Гостомысл кивнул: подобного ужаса Лондиниум ещё не испытывал. Вошедшие в гавань Темзы ночью огромные корабли невиданных доселе очертаний быстро расправились с манипулой оставленных для охраны города солдат, а потом закованные с ног до головы в сталь гиганты ограбили склады приготовленных к отправке в метрополию товаров дочиста. Но это не всё. Покончив с грабежом, чужаки вошли в притихший от ужаса город. Рабы были освобождены. При этом нападающие громко что-то выкликали на своём варварском наречии. Тех, кто отвечал, уводили с собой, и было видно, что рабы этому были счастливы. А потом… Не один отец рвал на себе волосы, видя позор своих дочерей, бьющихся под телом огромного варвара, слыша их мольбы и крики. Но никто не посмел даже подумать о сопротивлении. Родители затыкали уши, мужья облегчённо вздыхали, радуясь, что остаются живы такой малой ценой…
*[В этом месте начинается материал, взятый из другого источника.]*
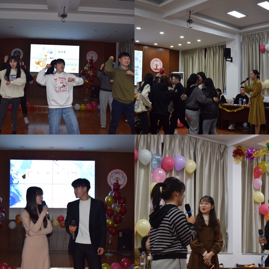 在四位主持人宣布下,茶话会正式开始,紧接着是院研究生会各部门成员带来的才艺表演,有歌曲演唱、诗词朗诵、舞蹈表演、小品及合唱等,各部门表演丰富多彩,精彩绝伦,现场气氛高涨,掌声不断。在节目表演期间隙还穿插了多种精心设计的小游戏,有你画我猜、抱团游戏、嘉宾抽奖等,整场晚会气氛活跃、掌声连连。最后,在合唱歌曲《你好未来》中此次茶话会圆满结束。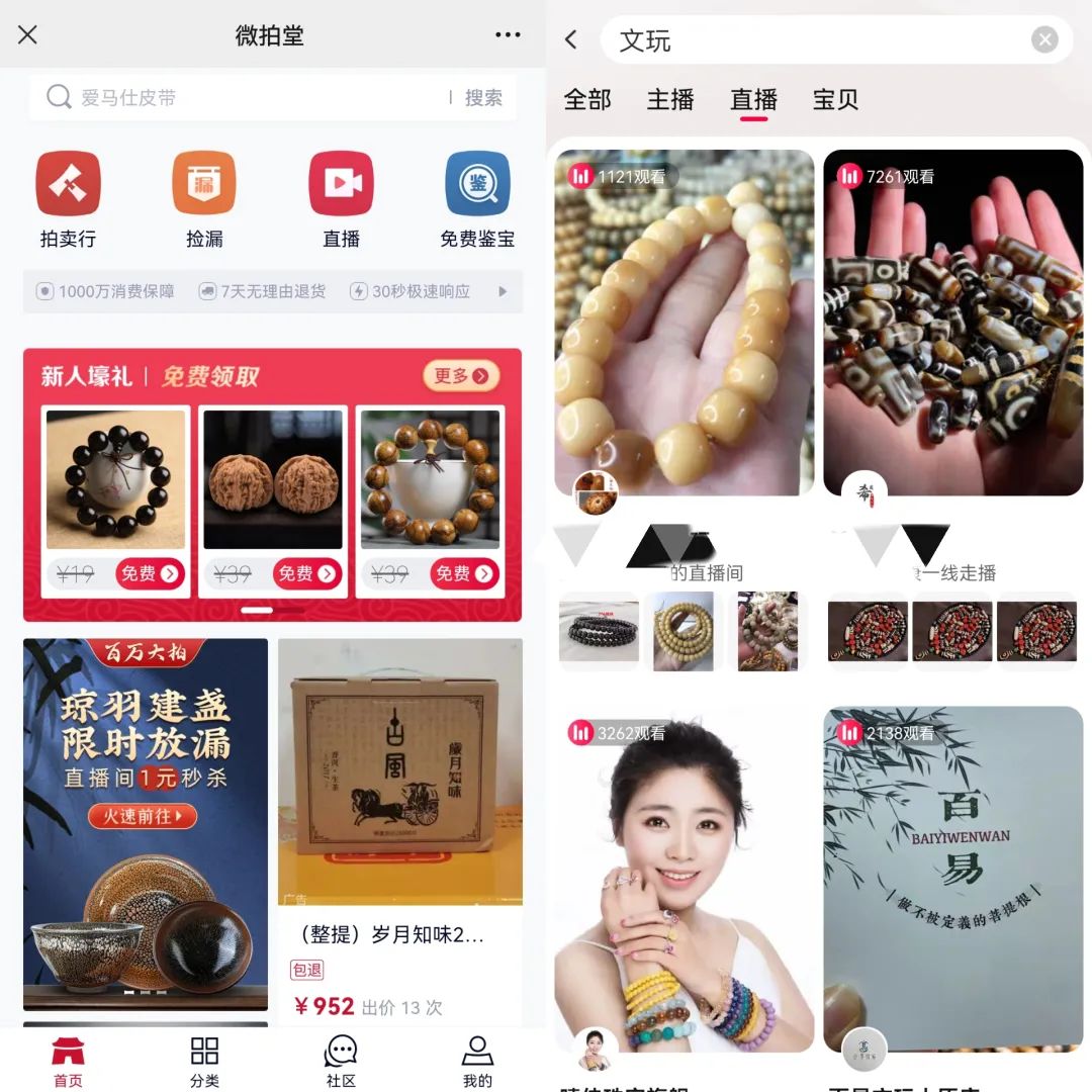 文玩電商微拍堂與淘寶直播的文玩商家

Нашли нескольких монахов. С ними покончили быстро. Устраивать развлечения было некогда. Воины стремились насладиться женским телом, без которого обходились столько времени, и священнослужителей просто повесили на деревьях и воротах. Гостомысл получил наслаждение от дочери римского военачальника, который увёл своих солдат на поиски объявившихся на острове варваров. Словно посмеялся над незадачливым воякой. Дом римлянина ему указали освобождённые рабы славянского племени, которых набралось почти тридцать человек. Путята побеседовал со всеми и вынес своё решение – люди не сломались. Остались тверды духом. Можно брать их с собой. Поделили их на две команды. По пятнадцать человек на каторгу. Изладили по две мачты на каждую. Заставили пошить пленных женщин паруса. Задержались из-за этого ещё на сутки. Зато теперь идти обратно, к заставе на Зелёной земле, и далее можно было и на захваченных кораблях. С опаской, правда. Но можно. Да ещё князь к тем пятнадцати, что появились, по десятку своих дружинников добавил. Так что за переход более-менее спокоен был.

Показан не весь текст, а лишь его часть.